SUPPLIED RECORDS
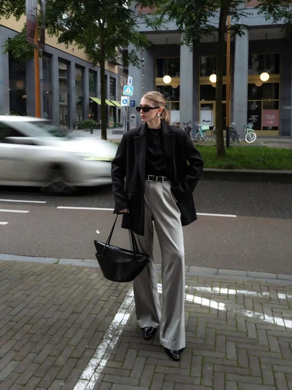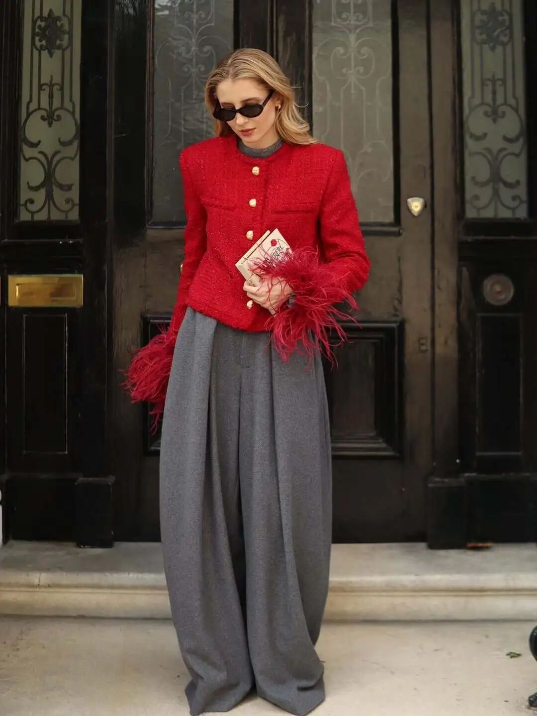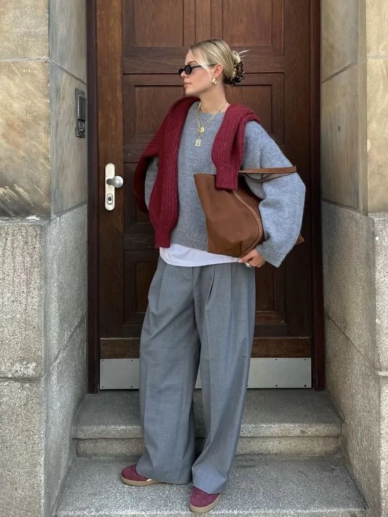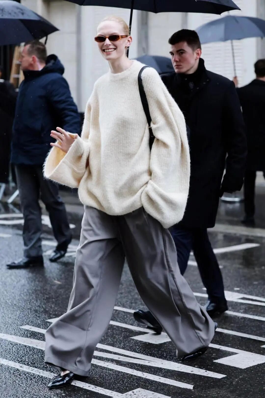 来搭配灰色阔腿裤,就能打破冬日的沉闷与萧索,
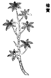《衍义》曰:橡实,栎木子也。叶如栗叶,在处有。但坚而不堪充材,亦木之性也。山中以椿人为粮,然涩肠。木善为炭,他木皆不及。其壳堪染皂。若曾经雨水者,其色淡,不若不经雨水者。檞亦有壳但少,而不及栎木所实者。
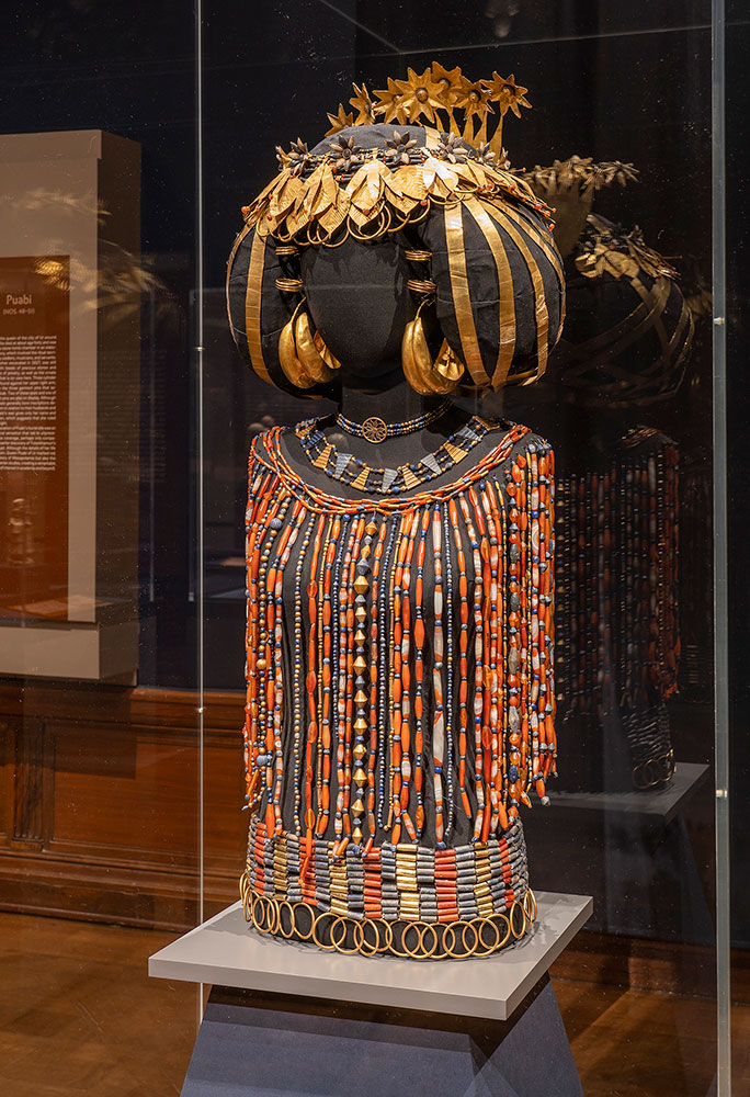 Το κεντρικό στοιχείο της έκθεσης είναι το εκπληκτικό πολύχρωμο ταφικό σύνολο της βασίλισσας Πουάμπι των Σουμερίων, της δυναστείας των Ουρ, που έζησε γύρω στο 2500 π.Χ., περίπου 150 χρόνια πριν από την Ενεντουάννα, και για πρώτη φορά στην Ιστορία έβαψε κόκκινα τα χείλη της. Οπως αρμόζει σε μια βασίλισσα, η υπέροχη κόμμωσή της αποτελείται από σφυρήλατα φύλλα και κορδέλες από χρυσό, καθώς και στρογγυλές χάντρες από λάπις λάζουλι και καρνελιάνα.
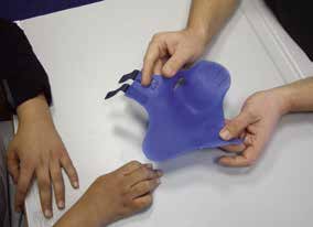 Die Verfasser nutzen hierbei die Dynamik des Materials Silikon, das Bewegungen zulässt. Manche Kinder benötigen z. B. die Bewegungsmöglichkeit in Richtung Palmarflexion im Handgelenk, um Gegenstände loslassen zu können. In diesen Fällen wird das Handgelenk manchmal in der Nullstellung eingestellt. Bei einer Aufrichtung des Handgelenks wird eine geringe Silikonstärke gewählt, damit eine Bewegungsmöglichkeit Richtung Palmarflexion gegeben ist. Diese Flexibilität des Silikons ist ein wesentlicher Grund für die hohe Akzeptanz bei den Kindern und für die meist hohe Tragedauer am Tag. Je fester eine Orthese ist, desto mehr wird sie als Fremdkörper wahrgenommen. Selbst Materialien, die auf den ersten Blick weich und elastisch erscheinen, wie die Gruppe der Low-Density-Polyethylene (z. B. „Streifyflex“ oder „Erkoflex“), sind im Praxistest nicht zielführend und werden in aller Regel schlecht akzeptiert.
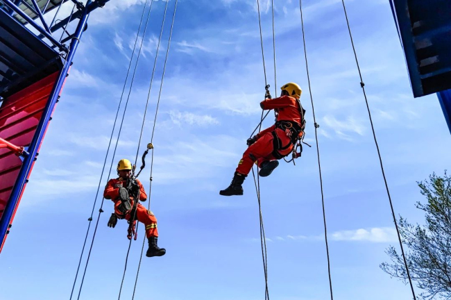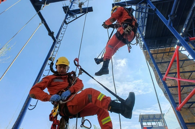 本网讯:(朱海峰 马志强)为进一步夯实绳索救援技术基础,提升队伍综合应急救援能力。连日来,新疆森林消防总队特勤大队持续开展绳索救援技术训练。
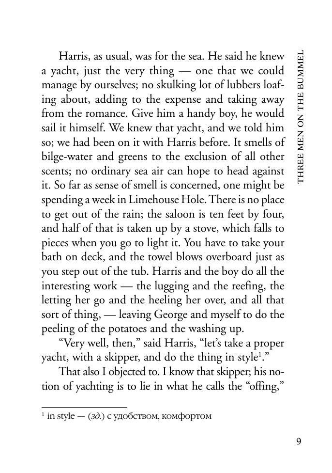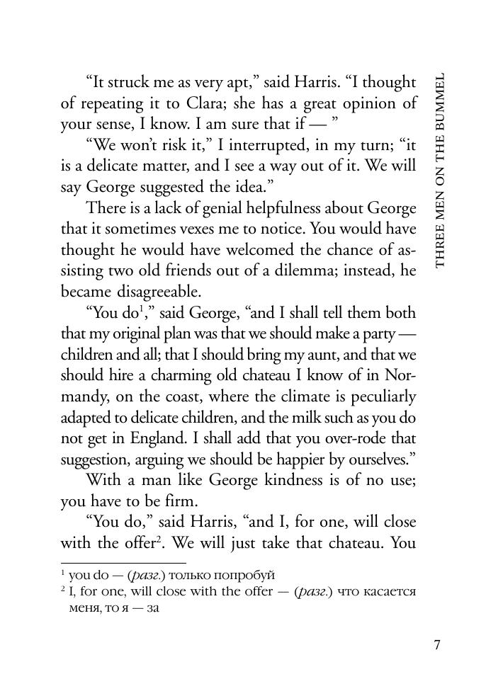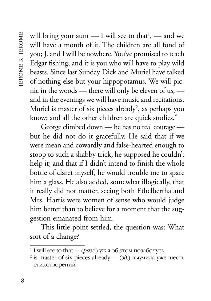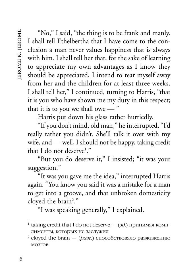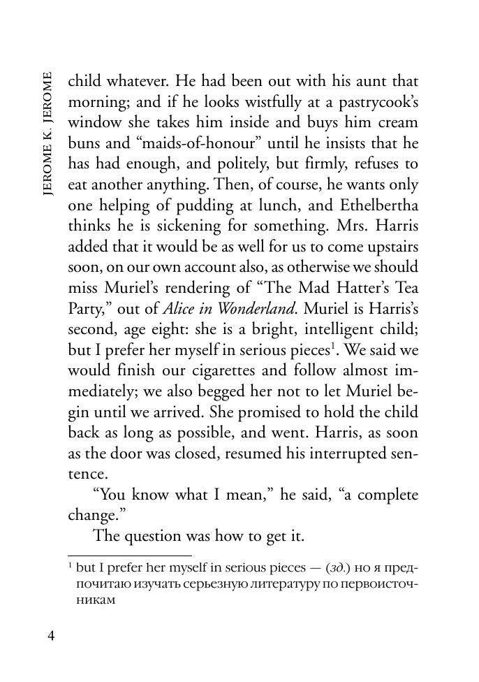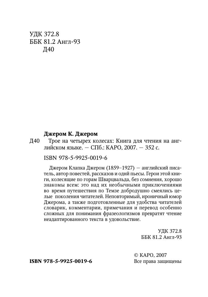 Джером Клапка Джером (1859–1927) — английский писатель, автор повестей, рассказов и одной пьесы. Герои этой книги, колесящие по горам Шварцвальда, без сомнения, хорошо знакомы всем: это над их необычными приключениями во время путешествия по Темзе добродушно смеялись целые поколения читателей. Неповторимый, ироничный юмор Джерома, а также подготовленные для удобства читателей словарик, комментарии, примечания и перевод особенно сложных для понимания фразеологизмов превратят чтение неадаптированного текста в удовольствие.
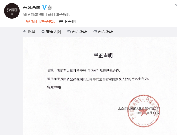 3月24日,春风画面官方微博发布声明称,我司艺人辣目洋子与 “H&M”品牌已无合作。
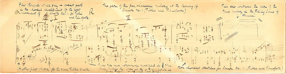 Autograph sketches for three works, including the violin sonata no.1.
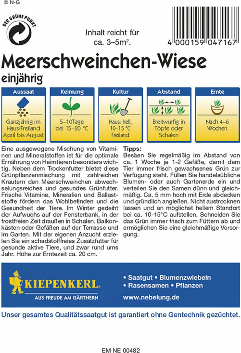 Wer seinen Meerschweinchen etwas Gutes tun möchte, der gönnt ihnen zwischendurch etwas Grünfutter. Die pelzigen Lieblinge werden deine Bemühungen zu schätzen wissen und danken es dir mit großem Appetit. Diese Mischung kannst du übrigens ganzjährig ansäen und hast daher immer frische Vitamine, Mineralien und Ballaststoffe für deine Meerschweinchen zur Verfügung.
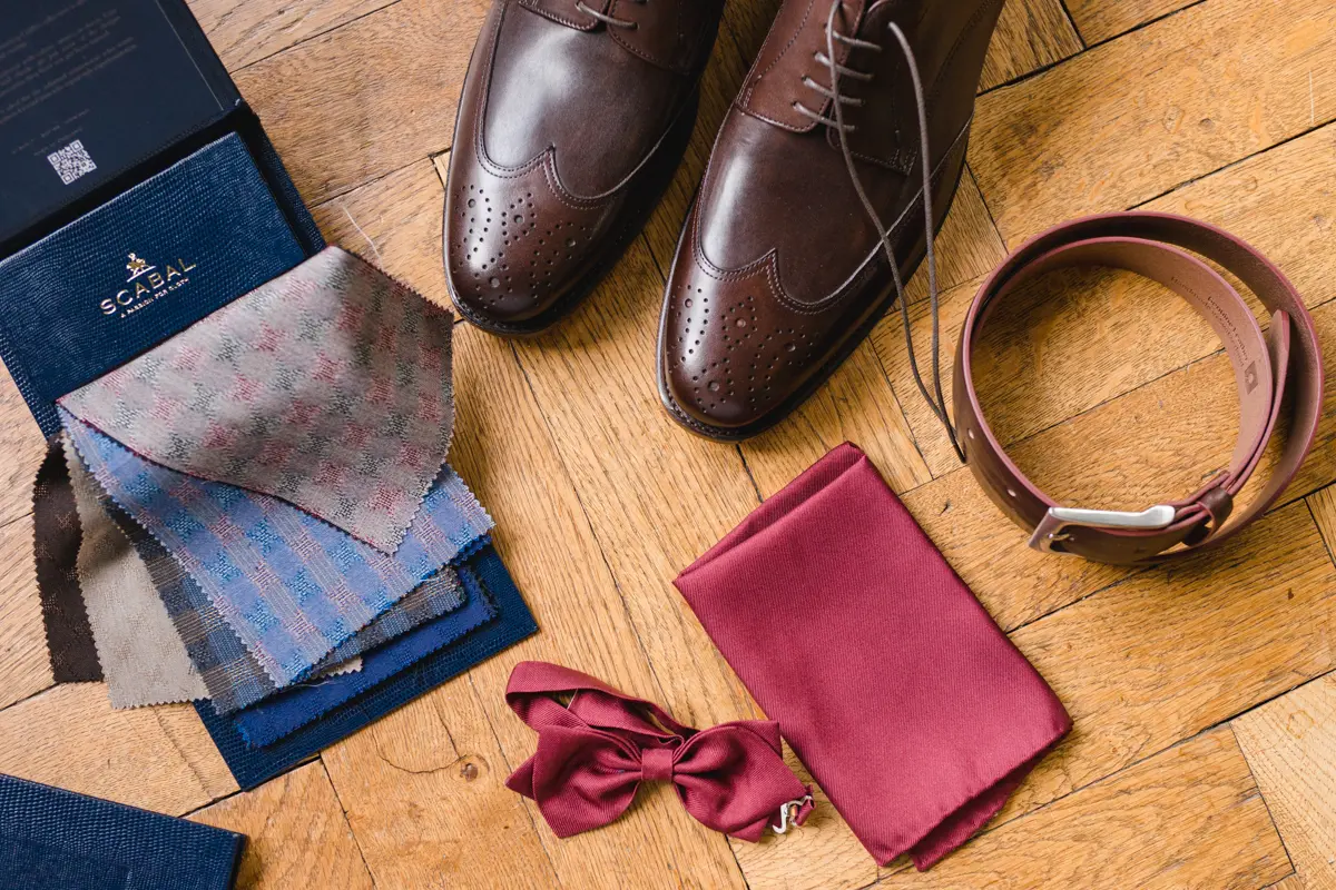 Am Ende geht es bei den Accessoires nicht nur um Mode, sondern um Persönlichkeit. Der Hochzeitstag ist ein einmaliger Moment im Leben – und der Bräutigam soll sich darin authentisch und wohl fühlen. Genau deshalb legen wir als Herren-Massschneider grossen Wert darauf, jeden Bräutigam individuell zu begleiten. Vom Anzug über das Hemd bis zu den passenden Accessoires wird jedes Detail sorgfältig ausgewählt. Alle Bestandteile entstehen als Einzelanfertigungen, werden in Europa gefertigt und können vom Bräutigam nach seinen Vorstellungen zusammengestellt werden.

WHAT YOU WILL DO
Among the lines above, the one with "Джером Клапка Джером" opens the part to repeat and the one with "Wer seinen Meerschweinchen" closes it; repeat only that part exactly, with no pictures.

WORKED SOLUTION
 Джером Клапка Джером (1859–1927) — английский писатель, автор повестей, рассказов и одной пьесы. Герои этой книги, колесящие по горам Шварцвальда, без сомнения, хорошо знакомы всем: это над их необычными приключениями во время путешествия по Темзе добродушно смеялись целые поколения читателей. Неповторимый, ироничный юмор Джерома, а также подготовленные для удобства читателей словарик, комментарии, примечания и перевод особенно сложных для понимания фразеологизмов превратят чтение неадаптированного текста в удовольствие.
 3月24日,春风画面官方微博发布声明称,我司艺人辣目洋子与 “H&M”品牌已无合作。
 Autograph sketches for three works, including the violin sonata no.1.
 Wer seinen Meerschweinchen etwas Gutes tun möchte, der gönnt ihnen zwischendurch etwas Grünfutter. Die pelzigen Lieblinge werden deine Bemühungen zu schätzen wissen und danken es dir mit großem Appetit. Diese Mischung kannst du übrigens ganzjährig ansäen und hast daher immer frische Vitamine, Mineralien und Ballaststoffe für deine Meerschweinchen zur Verfügung.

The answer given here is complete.